From ML side, this system contains an image detection model (takes an image of multiple lines, outputs the location of lines) and an image classification model (takes an image of line, outputs a sequence of characters).

From engineering side, this system implements modules for experiment logging, data versioning, CI and testing, and model serving. The original repo can already run properly with Keras and a certain stack, my posts are focusing on how to re-implement it with PyTorch (plus some other stack).


Engineering Design

Details see the below image (taken from the original repo). There are 4 main design decisions:

ML pipeline
It's a tandem of line detection model - line classification model, rather than one end-to-end model.

Model
The Model class contains Dataset + Network + Config1 + methods e.g. fit/eval/loss, as well as util functions to process image.

Two layers of Config
The highest level of Config is a json file specifing the type of Model, Dataset, Network and their hyperparameters, as well as the training process. The subset of Config that contains Dataset and Network info becomes the Config1 above and fed to Model. The class loading with string is enabled by leveraging such patterns:

networks_module = importlib.import_module("text_recognizer.networks")
network_fn_ = getattr(networks_module, experiment_config["network"])

run_experiment
A function that takes the highest level Config and prepare model objects and training process. This is only for parsing and orchestration, no 'real' work.

application_schema


Performance

Accuracy
Line detection:

network Pixel Acc
FCN 0.928
UNet 0.954

Line Prediction:

network Character Acc
sliding + cnn + rnn + CTC loss 0.765
crnn + CTC loss 0.808
seq2seq TBD

Line detection
(left to right: raw image, true label, predicted label)
line_detection

Line prediction
line_prediction


General Learnings

Abstraction from Network to Model

The model architecture in this project aligns with the convergence of DL model design: 1. there’s a network we train and predict and it only deals with numericals; 2. On top of network, there’s a wrapper (called Model in this project) that interacts with the real world (e.g. inputs a raw image, outputs predicted classes). Thus, Model contains util functions to transform real world intputs into numericals (which are fed to Network) and transform numerical outputs from Network into real world objects.

The Model contains Data, Config, and Network, and these are exactly the deterministic ingredients for a ML model. From this we also know how to track and version a model during ML training: for input we track its data source, source code (defining the neural net architecture or a traditional ML model logic) and config (hyperparameters), for output we track its artifact path and the performance metric.

Separate classes for training dan prediction

In the project the Model class (which is for training and evaluation) is separated from a Predictor class (which is for serving as an app). This seems a common practice now, since Predictor just needs the util function of transforming a neural net’s output to be something for real world, and does not need NN-related methods like train/eval/loss etc.

However, separating them will cause duplicate the code for data management, config reading, and all the util functions for ‘real-world’ interaction.

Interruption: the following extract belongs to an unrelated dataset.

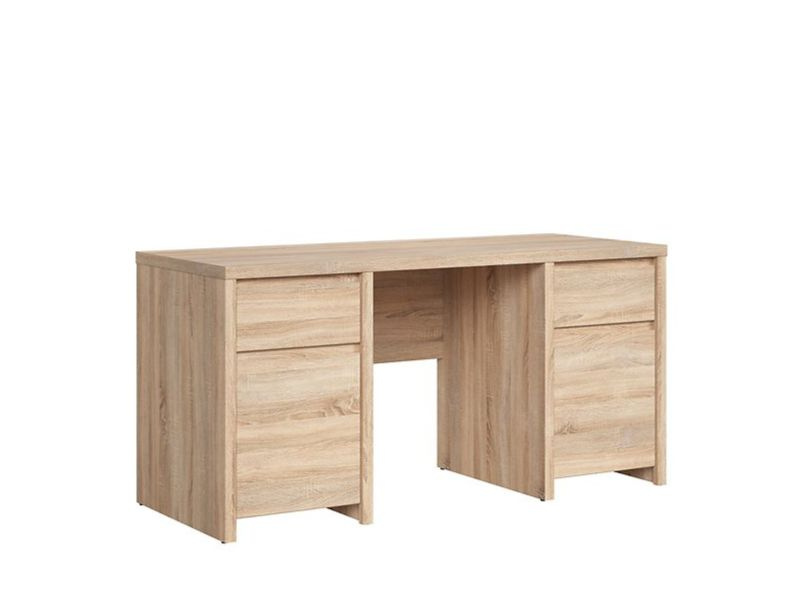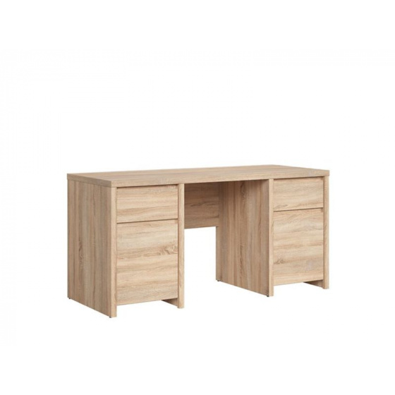 Psací stůl JBIU2D2S/160 - po stranách skříňky s plnými dvířky a s policí, nad nimi šuplíky s kovovými pojezdy, BEZ výsuvné police na klávesnici

My personal preferred design is to first implement a Predictor to hold a network and util functions for ‘real world’ interaction, and then inherit from this class to create the Model class, to have additional methods on train/eval/loss, and data loading. At least this solves 2 problems in the project I observed (which I think are design flaws): 1. There’s only one ParagraphTextRecognizer which is a predictor, thus we won’t be able to have end-to-end test during training; 2. Both Model and Predictor directly takes Dataset, which during initiation will not only provide dataset metadata, but also download data files, which should be avoided for Predictor.

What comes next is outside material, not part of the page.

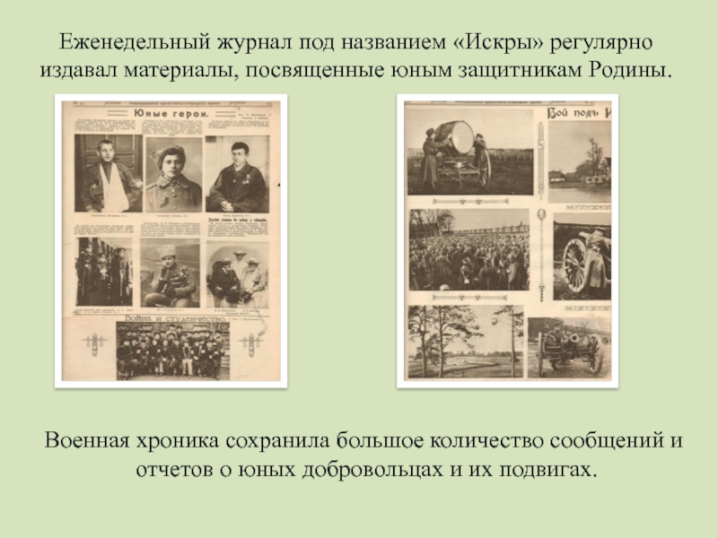 отчетов о юных добровольцах и их подвигах.

DL system is different from traditional ML system

DL system trades for less manually designed operations (preprocessing) with harder debugging process, while in traditional ML system the preprocessing logic composes a major chunk of work: instead of light util functions to transform data into NN-friendly numericals like what is done in DL systems, in traditional ML system the data science logic starts at preprocessing/featurization, where you design numerous small pieces of logic and hyperparameters to extract signal from raw data, before feeding them into a ML model (linear model, trees etc).

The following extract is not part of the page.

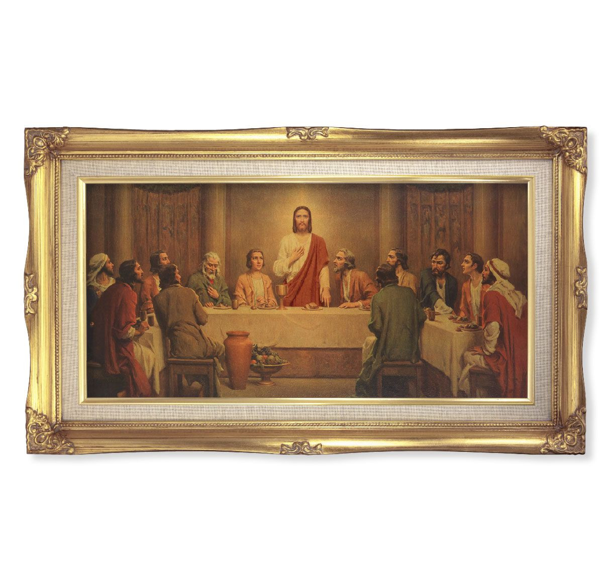 This beautifully framed Last Supper print brings sacred artistry and timeless elegance into your home. Printed in the USA and mounted within an ornate antique gold-leaf wood frame, the artwork is accented with curved detailing, acanthus-leaf tips, and a refined linen mat border. The result is a museum-quality presentation that enhances any wall it graces.

When I apply the design in this project to my daily work, I found it missed to address how to manage the featurization step: how do you compute features, and track and reload pre-compute features for different classes, based on the performance from the downstream ML model?

Layered design to manage data expectation

Debugging a DL is more challenging than traditional engineering code, and I think it is largely because DL code is more tolerant: the model can train even with bugs. With this property I think some convention will help: enforce and ensure what your data should look like at each step of your code. There are two cases I apply this tip:

Dataset, from raw to train-ready

You always need to take a raw data and process it to a training-ready form. Most of the time there are 3 stages: raw data, transformed data (after data-property-based processing e.g. normalization), and train-ready data (after data-shape-based processing e.g. one-hot-encoding, typing from np to tensor). To enable you debug you need to create an exit for each of these data. For example, in a SpecificDataset class you can have a .raw() to output raw data and a .transformed() to output transformed data, and you access the train-ready data in DataLoader. Many examples combined the latter two steps in one go (e.g. in PyTorch DataLoader) and I found it error prone. At least in DataLoader you can have two transformation sequences, one for data-property-based transformation and one for data-shape-based transformation, and you chain them together for training, but keep one exit for each sequence.

Data type, from raw to wrapped

During DL training, we wrap raw numbers generally in this route: raw number - numpy array - PT tensor. Do remember, they are equivalent to each other during – but only during – mathematical operations. Thus, it is better to keep data type consistent within a stage when doing whatever operation. Otherwise, you might forget that when reading an image numpy respects HWC shape while PT takes (N)CHW shape. Or, when you are working on NLP and wanting to reconstruct a string based on some prediction, you might forget your prediction is actually a tensor array thus your vocabulary dict won’t have any key for it (and likely you will use vocab.get(token, '') to ignore unknown predcitions which means the code will not fail). These will cost you hours to debug, which you can simply avoid by enforcing data typing at the start and the end of each stage. Once you find your code runs, you can gradually remove them if there’s performance concern.

Philosophy of Keras and PT

During this practice of modifying from Keras to PT, I can resonate why people say Keras is easy to use but rigid, while PT is flexible. For example, Keras has this .fit() API which I think that anyone touches ML will resonate, and in PT it’s always frustrating to write logic for train() and evaluate(), with the well known signature:

# in train stage
opt.zero_grad()
output = model(data)
loss = criterion(output, label)
loss.backward()
opt.step()

# in evaluation stage
model.eval()
with torch.no_grad():
    do_something()

Unless you are a DL researcher (not even DL engineer or someone using DL for scientific research), almost for sure you don’t need this. Even worse, you might forget it if you don’t actively work on it, in which one single line of code with screw your training without you noticing it because the code won’t fail.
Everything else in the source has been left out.